What you are asked to do:
In the entries below, which lines run from the one with "Outdoor Fun: Extend" through the one with "(袷)クリーム地角ドット 綸子小紋 紋なし・しつけ糸付き"? Repeat exactly those, both included, and no pictures.

Data records
▬▬▬

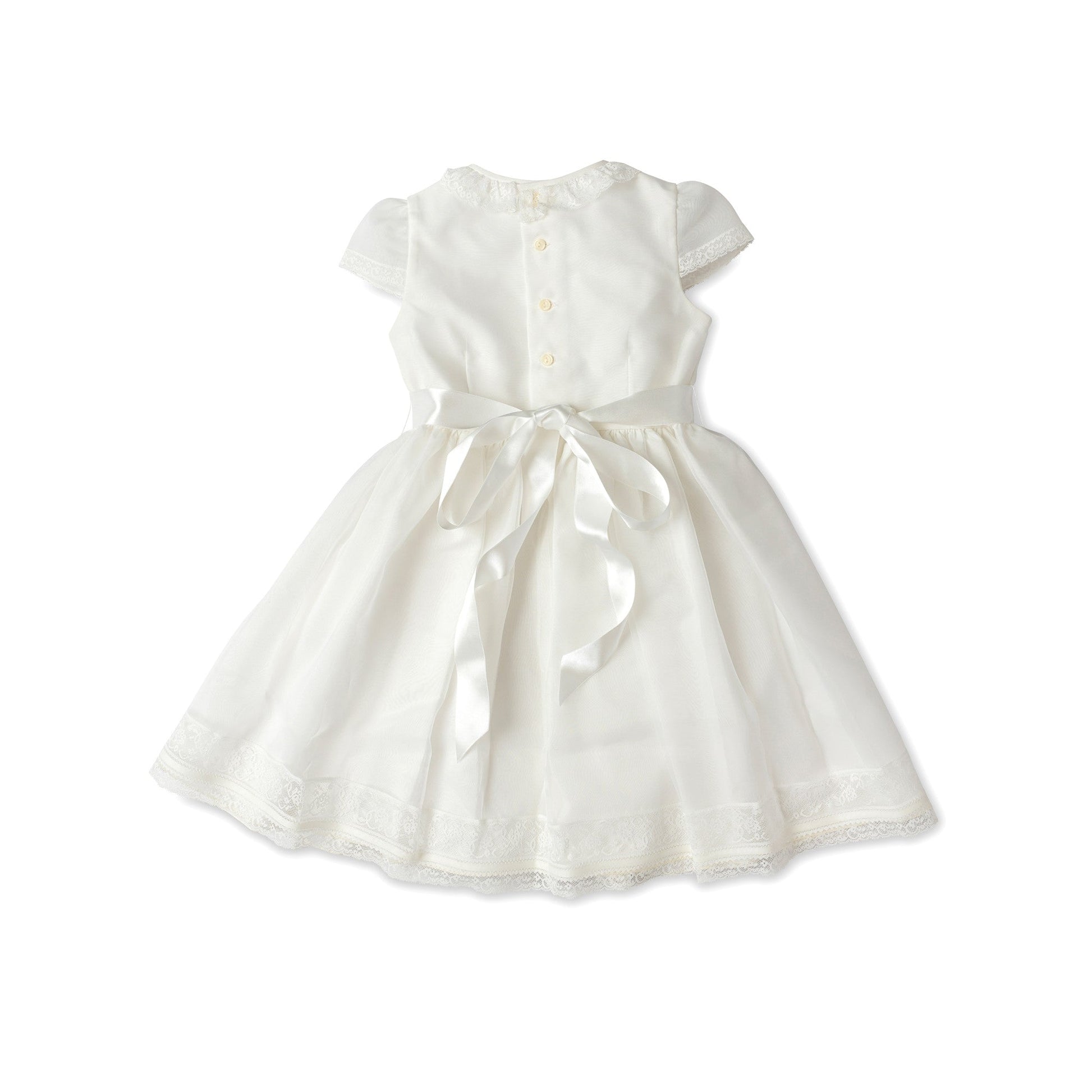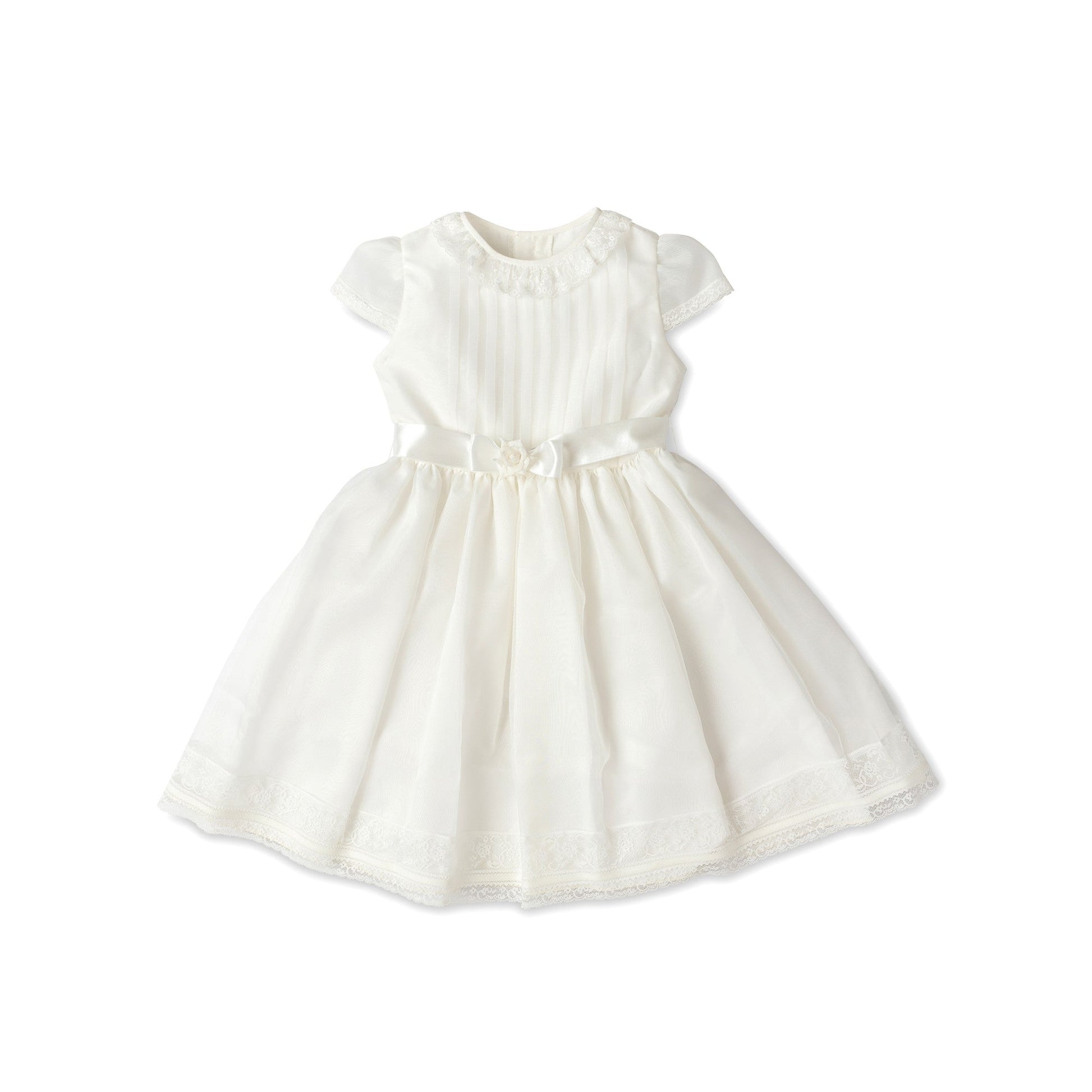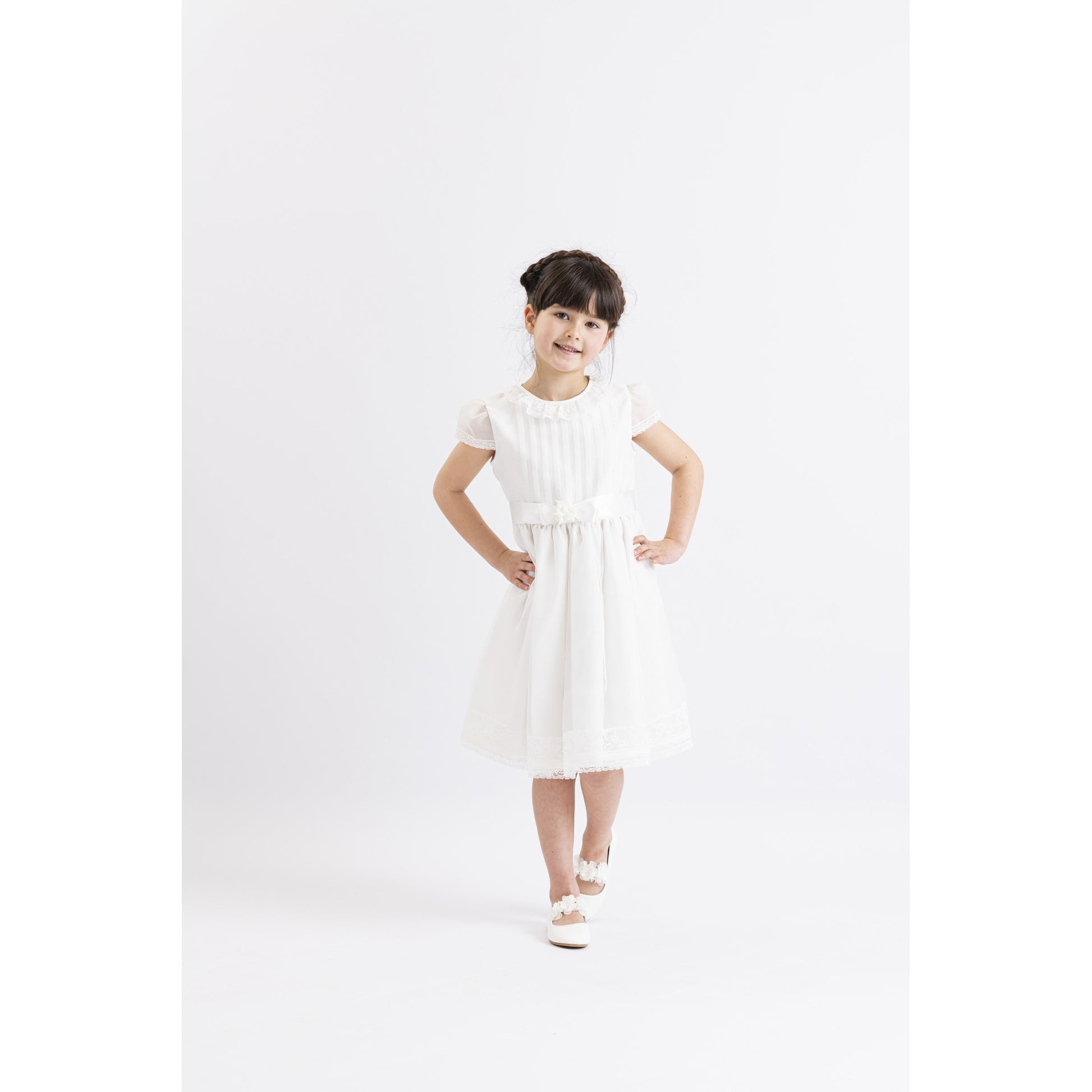 فستان رسمي أبيض ساحر، بياقة وحاشية دانتيل أنيقة. حزام ساتان أنيق مرصع بزهرة بيضاء. أكمام قصيرة مزينة بلمسة دانتيل مميزة
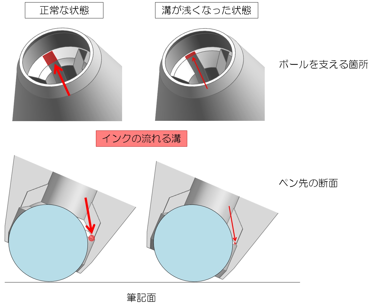 - ボールペンのペン先は、インクの流れる溝が付いた金属(主にステンレス)の「パイプ」が、超硬合金の「ボール」を支える構造をしています。そのため、繰返し強い筆圧で筆記したり、強い衝撃がペン先に加わったりすると、ボールが「ボールを支える箇所」を削ったり変形させたりします。その結果、上図のように「インクの流れる溝」が浅くなり、インクが流れにくく、場合によっては、書けなくなります。
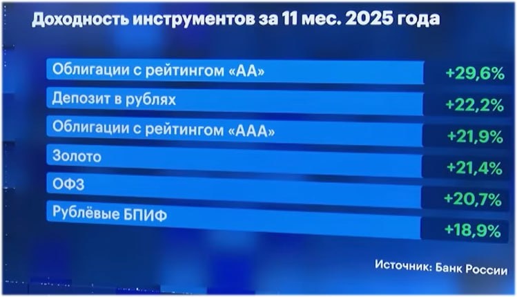 % Остальные инструменты оказались куда лучше. Табличка по итогам 11 месяцев, но тем не менее... Это к вопросу о недавней статьей, про 100% в акциях. А на какие инструменты делали упор в 2025 году вы?
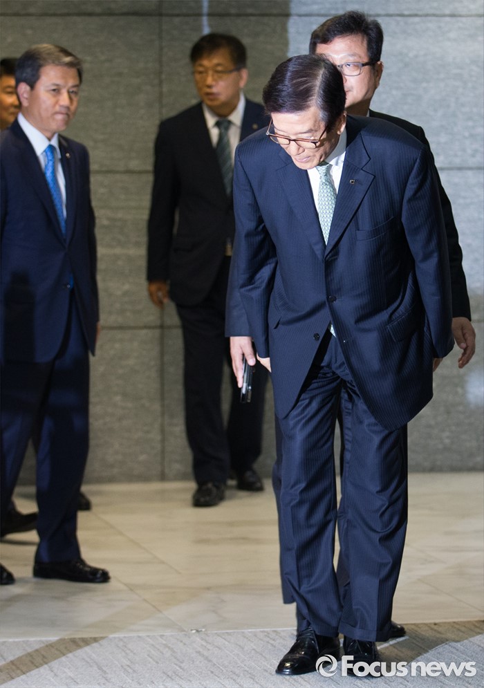 (서울=포커스뉴스) 이동걸(오른쪽) KDB산업은행 회장이23일 오후 서울 영등포구 KDB산업은행 본점에서 열린 산업은행 혁신 추진방안 기자간담회에 참석해 취재진에게 인사하고 있다.
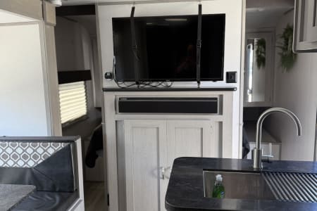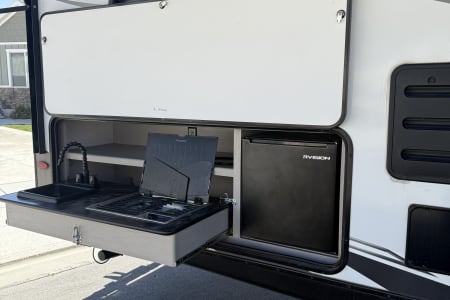 Outdoor Fun: Extend your living space with the electric awning and outdoor kitchen.
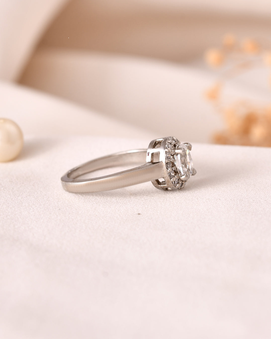 center stone encircled by a radiant halo of smaller stones, this ring is crafted in 925 Sterling Silver with rhodium
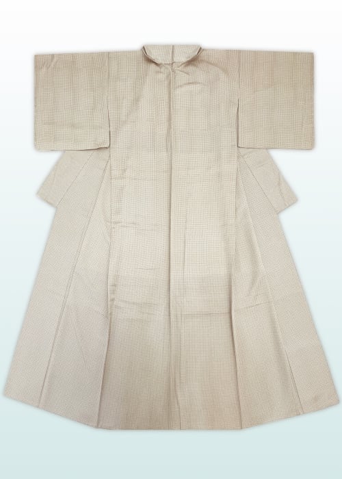 (袷)クリーム地角ドット 綸子小紋 紋なし・しつけ糸付き LUKKA -054(リユース品)
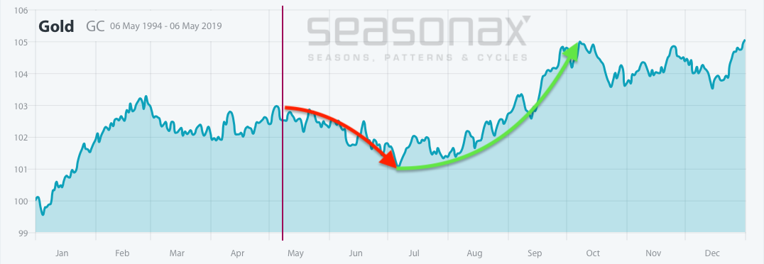 If you consider the four ratio components of the Midas Touch Gold Model™, none of them is screamingly bullish at the moment. In fact, the Dow Jones/Gold-Ratio is rather close to lose its bullish signal! But should the “sell in May cycle” plus the US-China trade dispute force stock markets lower, this power ratio would remain in favor of gold. The other three ratios (Gold/Silver-Ratio, Gold/Oil-Ratio, Gold/Commodities-Ratio) will likely catch up once gold has seen its trend reversal in the next few months.
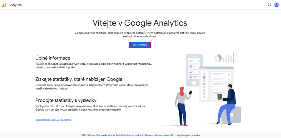 Na stránce Google Analytics (http://www.google.com/analytics/) se přihlaste kliknutím na Zahájit měření.
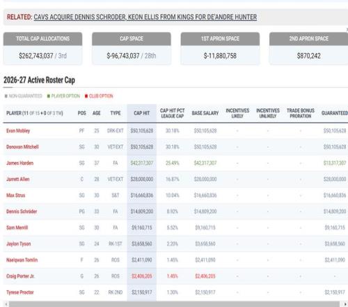 而且根據CBS的報道,詹姆斯重返騎士隊有三種方式,第一種就是最簡單的底薪加盟,騎士隊2026年有28順位簽,騎士隊下賽季保障名額就是12人,預計騎士將超過第二土豪線200萬(還沒算續約埃利斯;)

▬▬▬

Result of this exercise:
 Outdoor Fun: Extend your living space with the electric awning and outdoor kitchen.
 center stone encircled by a radiant halo of smaller stones, this ring is crafted in 925 Sterling Silver with rhodium
 (袷)クリーム地角ドット 綸子小紋 紋なし・しつけ糸付き LUKKA -054(リユース品)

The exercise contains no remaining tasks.